Raymond Yow, a US trader who imports home-improvement products such as household decorations, cement boards, solar panels and LED lights to American retailers, attended the Canton Fair in Guangzhou last month, browsing new products and meeting manufacturers.
But he also planned to go to Vietnam and Indonesia to explore potential new and cheaper supplies.
Yow was already thinking about importing from Indonesia – where wood resources are abundant and prices are low. But an increase in overseas consumer opposition to Chinese-made products, especially in the middle parts of the US, has put pressure on his retail clients, giving him further impetus to take action.
“‘Replace those made in China if you could,’ they would suggest,” he said.
Nonetheless, Yow noted how doing business in China still has its “incomparable advantages”, compared with Southeast Asia. He pointed to greater e-commerce convenience, relatively efficient logistics, and more sophisticated industrial and supply chains.
But because of that external pressure, he has to seek more diversification options, even though the undertaking means a lot more work.
Wang Gang, head of a company that makes thermoelectric coolers in the northern Chinese province of Hebei, is also facing a quandary arising from geopolitical challenges.

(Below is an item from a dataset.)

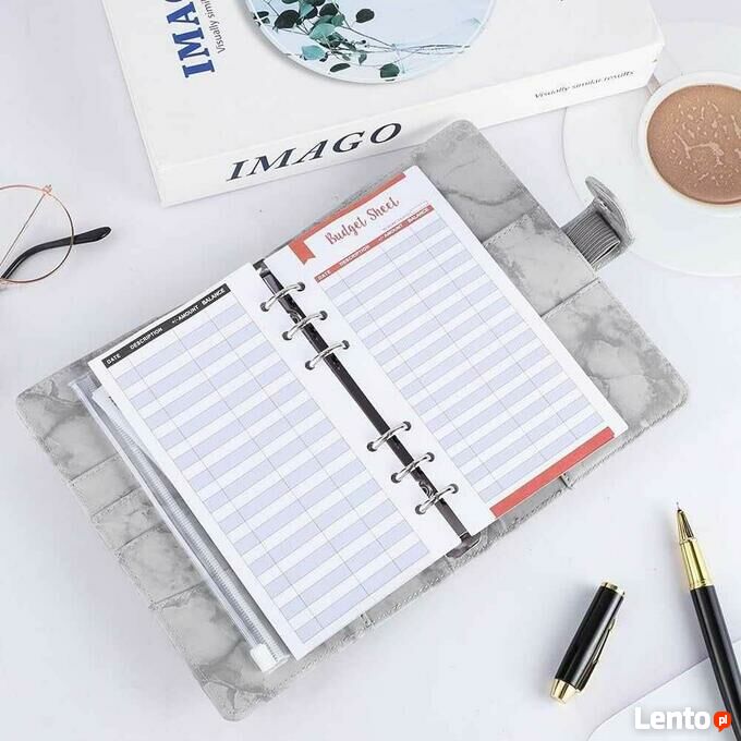 3. Segregator A6, koperty i arkusze budżetowe oraz kolorowe etykiety. Ten organizer na pieniądze pomoże Ci skutecznie zarządzać planem finansowym i utrzymać wszystko w porządku.

“It was in 2017 and 2018 when we first felt the discrimination against Chinese products, as European clients were reluctant to label their products as ‘made in China’ because they were often considered cheap and low-end, which could hurt their company image,” he said.

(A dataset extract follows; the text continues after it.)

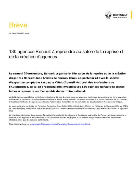 Le samedi 30 novembre, Renault organise le 15e salon de la reprise et de la création d’agences Renault dans 6 villes de France. Conçu en partenariat avec la société d’expertise comptable Exco et le CNPA (Conseil National des Professions de l’Automobile), ce salon proposera aux investisseurs 130 agences Renault de toutes tailles à reprendre sur l’ensemble du territoire national.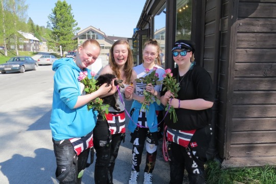 Tirsdag før 17. Mai møtte vi en bukett smilende russejenter som delte ut roser i Løkken sentrum

Their thermoelectric coolers, widely used in telecommunication cabinets, have subsequently been rejected by many Western markets, especially the United States, due to national security concerns.

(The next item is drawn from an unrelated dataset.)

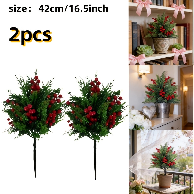 TEMU 2개 인조 소형 사이프러스 식물 - 레드 베리 장식과 포함, 사이프러스/소나무 모양 관목, 사무실 장식, 실내/야외 홈 데코, 이벤트 플래닝 장식용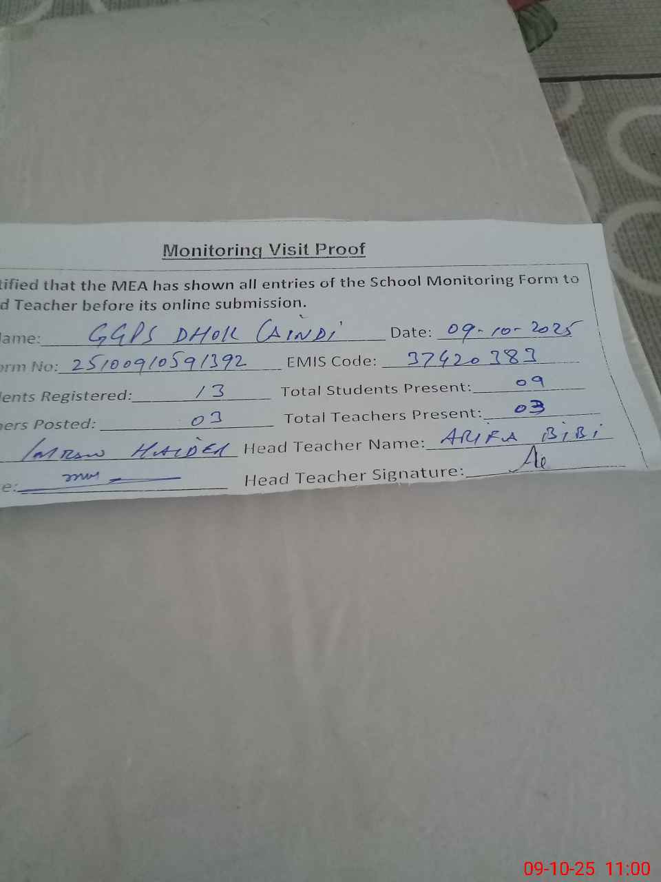 | Attendance Register | Head Teacher | MEA with School | Visit Proof |

“One of our most important clients in the US market told us they don’t want anything made in China. That’s why they asked us to relocate our factory to Vietnam, to address their concerns,” he said. But still, Wang does not plan on relocating to Southeast Asia, as such a move would be unrealistic for a small business like his.
But this is now the reality facing many of China’s exporters – US companies are favouring other Asian countries, and this is occurring amid a weak global economic outlook and growing tensions between China and the US-led West.
Efficiency in production and logistics, which China has used to consolidate its supply-chain dominance in the past, are increasingly being overshadowed by the more pressing need to guard against sudden cut-offs stemming from geopolitical conflicts such as the Ukraine war, according to a senior executive with a Taiwan-based manufacturer that has plants in China and neighbouring countries
“When diversifying their supply chains, global brands [prioritise] order allocations,” said the executive, who declined to be identified. And with global demand so weak, “we must first keep operations in Vietnam, then continue to increase production in India, while the production of Chinese factories will be the last consideration, due to the US-China tensions”.
Peter Bogh Hansen, China policy director with the Confederation of Danish Industries, confirmed that surplus inventories among buyers, combined with other factors such as geopolitics, logistics and energy challenges, are forcing companies to change their global business strategies to have a more regional focus.
“I doubt that the economic situation in Europe will have much impact on Danish companies’ decision to reduce their dependence on Chinese supply chains,” Hansen said. “That decision has mostly to do with concerns about the geopolitical situation.
“But perhaps it means that Danish companies will be considering alternative locations closer to China, i.e. in other Asian countries, rather than moving supply-chain functions back to Europe.”